Other companies may claim that we infringe their intellectual property, which could result in significant costs to defend and if we are not successful it could have a significant impact on our ability to generate future revenue and profits
Although we do not believe that our products infringe on the rights of third-parties, third-parties may assert infringement claims against us in the future, and any such assertions may result in costly litigation or require us to obtain a license for the intellectual property rights of third-parties. Such licenses may not be available on reasonable terms, or at all. In particular, as software patents become more prevalent, it is possible that certain parties will claim that our products violate their patents. Such claims could be disruptive to our ability to generate revenue and may result in significantly increased costs as we attempt to license the patents or rework our products to ensure that they are not in violation of the claimants patents or dispute the claims. Any of the foregoing could have a significant impact on our ability to generate future revenue and profits.

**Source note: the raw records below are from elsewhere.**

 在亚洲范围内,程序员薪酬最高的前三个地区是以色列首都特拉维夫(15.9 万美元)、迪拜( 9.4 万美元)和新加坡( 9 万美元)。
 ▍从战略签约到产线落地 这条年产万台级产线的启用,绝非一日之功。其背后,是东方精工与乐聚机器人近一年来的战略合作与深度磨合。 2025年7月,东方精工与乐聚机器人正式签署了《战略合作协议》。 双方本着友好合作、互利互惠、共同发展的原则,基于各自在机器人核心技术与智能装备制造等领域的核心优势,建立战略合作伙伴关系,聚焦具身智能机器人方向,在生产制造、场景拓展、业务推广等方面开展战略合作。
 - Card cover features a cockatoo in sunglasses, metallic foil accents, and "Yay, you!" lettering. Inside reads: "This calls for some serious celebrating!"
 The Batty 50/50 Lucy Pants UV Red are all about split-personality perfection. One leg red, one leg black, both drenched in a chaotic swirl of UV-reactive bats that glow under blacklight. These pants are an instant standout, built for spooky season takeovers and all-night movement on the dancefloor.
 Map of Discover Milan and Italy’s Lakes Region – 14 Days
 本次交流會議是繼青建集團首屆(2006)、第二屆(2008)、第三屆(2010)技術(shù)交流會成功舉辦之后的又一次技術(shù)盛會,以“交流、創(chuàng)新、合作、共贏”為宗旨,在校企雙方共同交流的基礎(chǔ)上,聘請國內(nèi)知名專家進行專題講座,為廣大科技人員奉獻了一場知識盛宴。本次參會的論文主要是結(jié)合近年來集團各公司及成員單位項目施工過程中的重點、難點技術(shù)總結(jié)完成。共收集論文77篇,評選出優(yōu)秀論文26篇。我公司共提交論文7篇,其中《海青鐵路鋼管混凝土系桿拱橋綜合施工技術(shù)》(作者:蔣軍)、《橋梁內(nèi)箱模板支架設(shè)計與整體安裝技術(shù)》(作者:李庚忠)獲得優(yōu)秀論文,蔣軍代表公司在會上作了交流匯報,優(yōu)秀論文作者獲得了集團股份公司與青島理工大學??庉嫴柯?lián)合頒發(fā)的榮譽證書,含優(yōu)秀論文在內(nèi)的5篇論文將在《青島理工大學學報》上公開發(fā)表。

The loss of licenses to use third party software or the lack of support or enhancement of such software could adversely affect our business
We currently depend on certain third-party software, the lack of availability of which could result in increased costs of, or delays in, licenses of our products. For a limited number of product modules, we rely on certain software that we license from third-parties, including software that is integrated with internally developed software and which is used in our products to perform key functions. These third-party software licenses may not continue to be available to us on commercially reasonable terms, and the related software may not continue to be appropriately supported, maintained, or enhanced by the licensors. The loss of license to use, or the inability of licensors to support, maintain, and enhance any of such software, could result in increased costs, delays, or reductions in product shipments until equivalent software is developed or licensed, if at all, and integrated with internally developed software, and could adversely affect our business.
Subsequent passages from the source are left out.